Дочь изменила положение, чтобы обнять и ободрить Струка, и тут Большая Мать охнула. Только сейчас до нее дошло, что она ранена. Ее лицо было в крови. Разум Дочери был слишком погружен в себя, чтобы заметить запах, но теперь она начала действовать. Она уложила Большую Мать на землю и приподняла накидку, которую старуха натянула, чтобы прикрыть рану. У нее было два длинных пореза. Острый коготь пробил ей ребро. Из разорванной кожи торчало основание кишки. В ране виднелись поврежденные внутренности. Дочь быстро осмотрела кожу Струка. Одна царапина на ноге – коготь леопарда, пытавшегося помешать ему влезть на дерево.
Все ясно: леопарды преследовали тех, кто слабее, пока не вмешался Сын. Должно быть, они окружили и схватили его, когда он пытался забраться на дерево. Вдвоем леопарды одолели парня. Рану Струка нужно обработать, но он будет жить. Она переключила внимание на Большую Мать. Та истекала кровью. Во время спуска с дерева рана, по-видимому, открылась и кровотечение под накидкой усилилось. Нужно будет отвести ее под защиту пещеры. Ведь другие хищники унюхают кровь. Дочь наклонилась, чтобы взять Большую Мать на руки, потянула, но старуха покачала своей большой головой: «Не». Она не хотела, чтобы ее сдвигали с места.
Струк капнул немного воды из кожаного бурдюка на губы Большой Матери. Дочь положила руку на старую голову, и они посмотрели друг другу в глаза. Они редко поступали так: ведь прямой зрительный контакт может быть знаком враждебности. Но два тела, хорошо знающие друг друга, могут это сделать, чтобы определить направление взгляда, проверить здоровье, силу или ясность сознания. Все это вытекало из большой раны на боку Большой Матери, и взгляд девушки был знаком ободрения.

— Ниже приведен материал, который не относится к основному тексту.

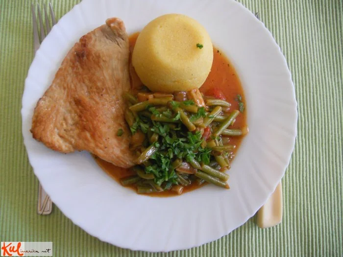 Po 10 minutah dodamo olupljen, nakockan zrel paradižnik in stročji fižol.
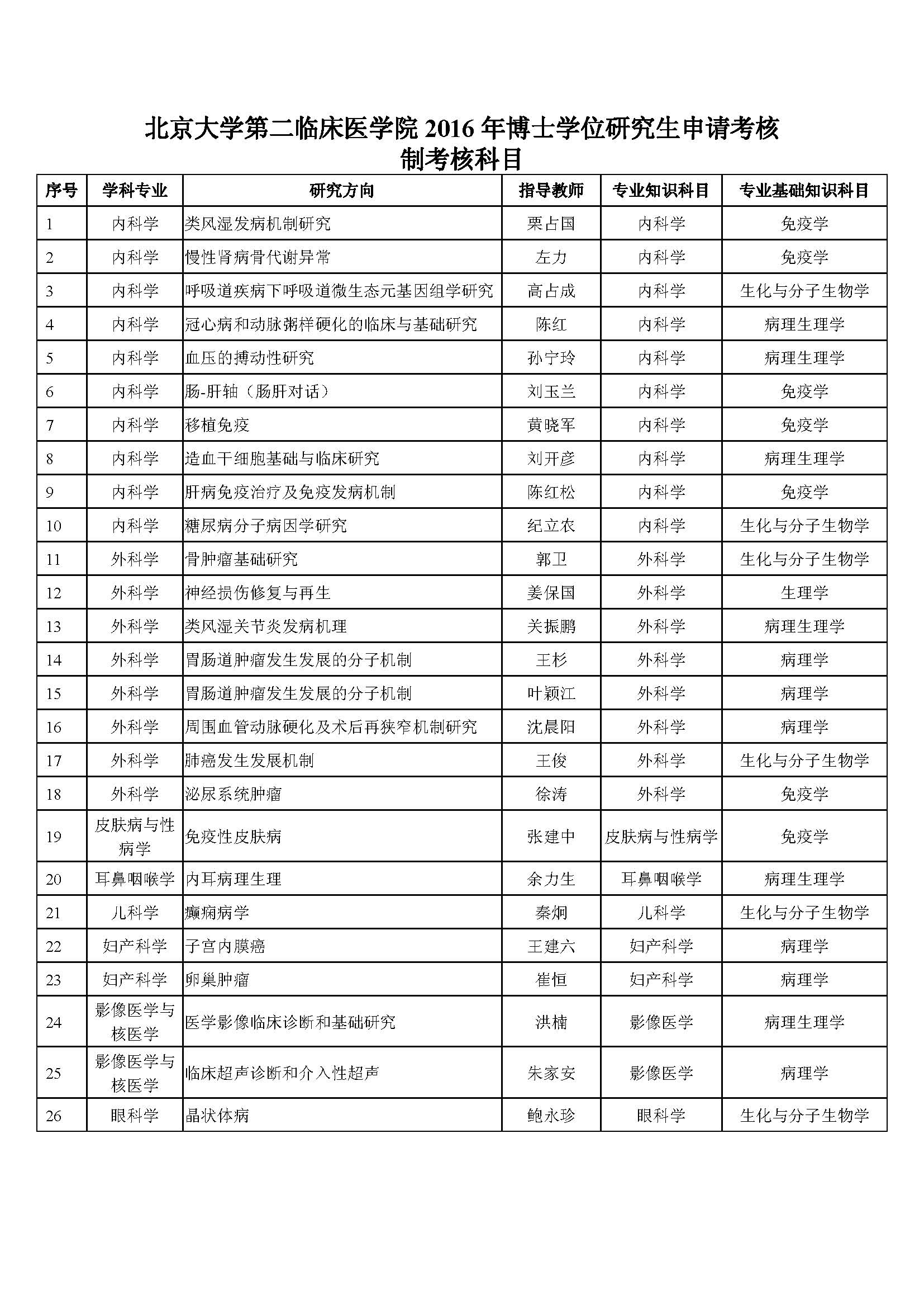 专业基础知识:考核科目参见《北京大学第二临床医学院2016年博士学位研究生申请考核制考核科目》(见附件)。
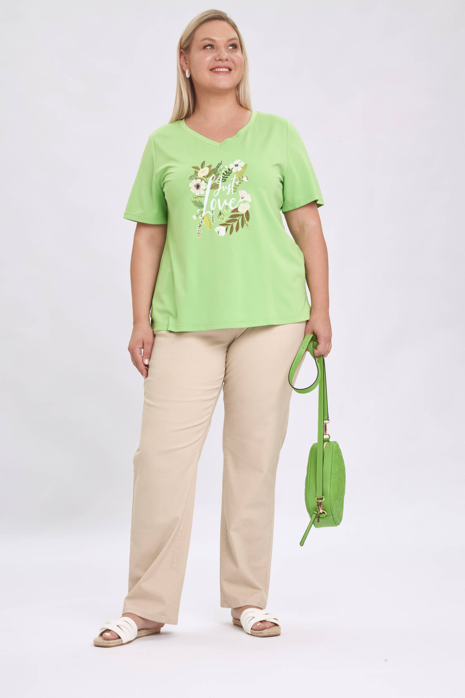 Футболка прилегающего силуэта яркого фисташкового оттенка. V-образный вырез и втачные рукава подчеркнут достоинства фигуры. Модель выполнена из плотного трикотажа с флоральным принтом в комплекте с джинсами в тон из этой же капсулы создаст стильный повседневный образ.
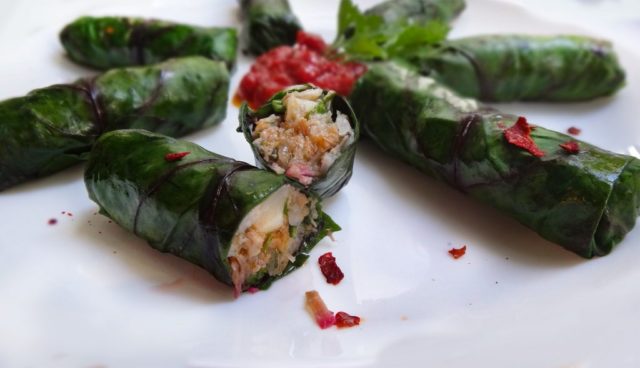 Las hojas deben retorcerse lo más fuerte posible para que el plato no se deshaga.
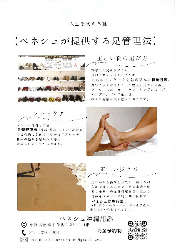 ベネシュ沖縄浦添は、機能性の靴の取り扱いと正しい歩き方の伝授、足マッサージを行うサロンです!(足管理療法のご提供)
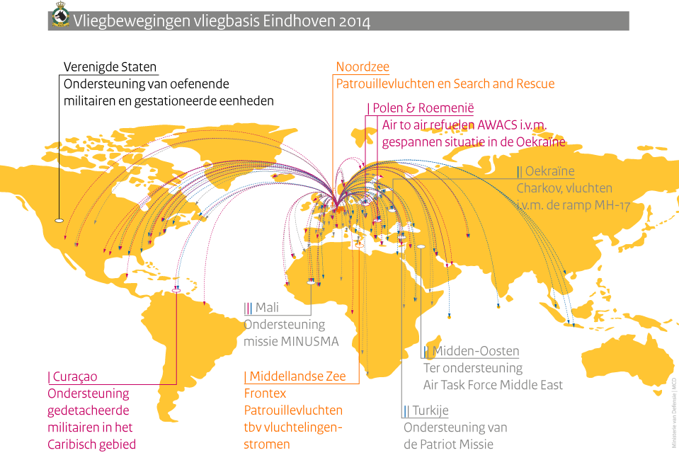 2014 is een bijzonder jaar voor de vliegbasis Eindhoven. “Veel bijzondere activiteiten naar aanleiding van de situatie in de wereld,” geeft de commandant aan, “en dat is te zien in onze vliegactiviteiten. Daarnaast is er de constante – geplande – groei van de luchthaven. Ik vind het een prestatie dat we al die vliegbewegingen met zo weinig mensen voor elkaar krijgen. We zeggen nooit ‘nee’ en leveren veel diensten aan heel Defensie en buitenlandse eenheden. Met het European Air Transport Command hebben we op Eindhoven een goed voorbeeld van Europese samenwerking.”
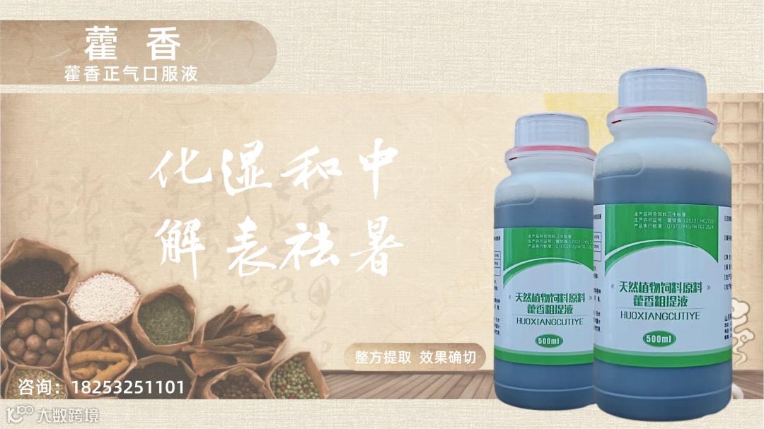 2:因“夏伤暑湿、外感风邪”引发恶寒发热、腹泻拉稀,采食低下等中暑、热感冒症状,出现伤亡时;使用本品藿香治疗,每瓶兑水1000斤,全体量集中使用4小时,每瓶加3斤葡萄糖效果更佳,连续使用2-3天。
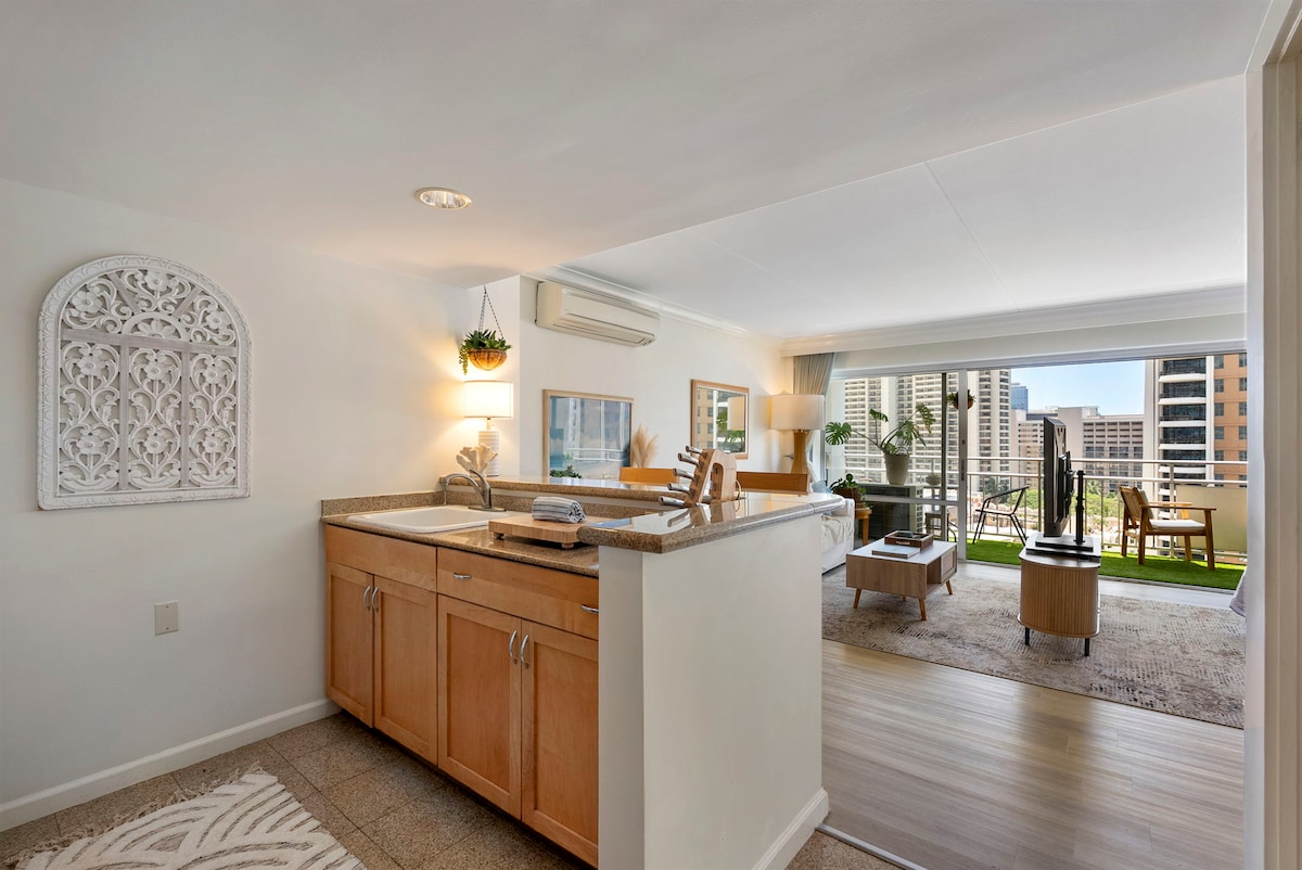 Uitzicht op de oceaan en de kust! Handige studio bij de ingang van Waikiki. Korte wandelingen naar wereldberoemde Waikiki stranden en lagunes; Hilton Hawaiian Village waar elke vrijdagavond vuurwerk brandde; 's werelds grootste openlucht winkelcentrum: Ala Moana winkelcentrum met gratis dagelijkse live Hawaiiaanse muziek en shows; Hawaii Convention Center; en vele restaurants en activiteiten. Keuken met kwarts aanrecht, veilig en snel inductiekookplaat. Comfortabel kingsize bed, bureau, gratis toegewezen parkeergelegenheid.

Большая Мать знала, что у нее не осталось ни здоровья, ни силы, одно лишь здравомыслие, но и оно ускользает. Она выпустила воздух из легких и отдалась на милость изменению. Много беспокойных лет она провела в постоянном стремлении раздобыть достаточно мяса для себя и своих домочадцев. Остатки сил позволяли ей думать только об удовольствии от предстоящего длительного отдыха. Вместо того чтобы бороться, она с нетерпением ждала этого долгого сна в земле. «Йе, сухостой», – фыркнула она, указывая на нос, словно говоря: «Я чувствую запах земли».
Большая Мать посмотрела на Дочь, на копну ее рыжих волос, бледную кожу, покрытую грязью и кровью, и снова принюхалась. Что-то новое. При обычных обстоятельствах она бы заметила сразу. Дочь была беременна. Мать всегда первой чувствует этот запах в дыхании своей дочери. Большая Мать стянула с головы рога и передала их Дочери без упрека и горечи. В этот миг ее боль сменилась гордостью. «Вар», – сказала она. Сейчас это слово означало нечто большее, чем «Держи голову приклеенной к телу». Теперь это значило, что Дочь будет держать свою семью привязанной к земле.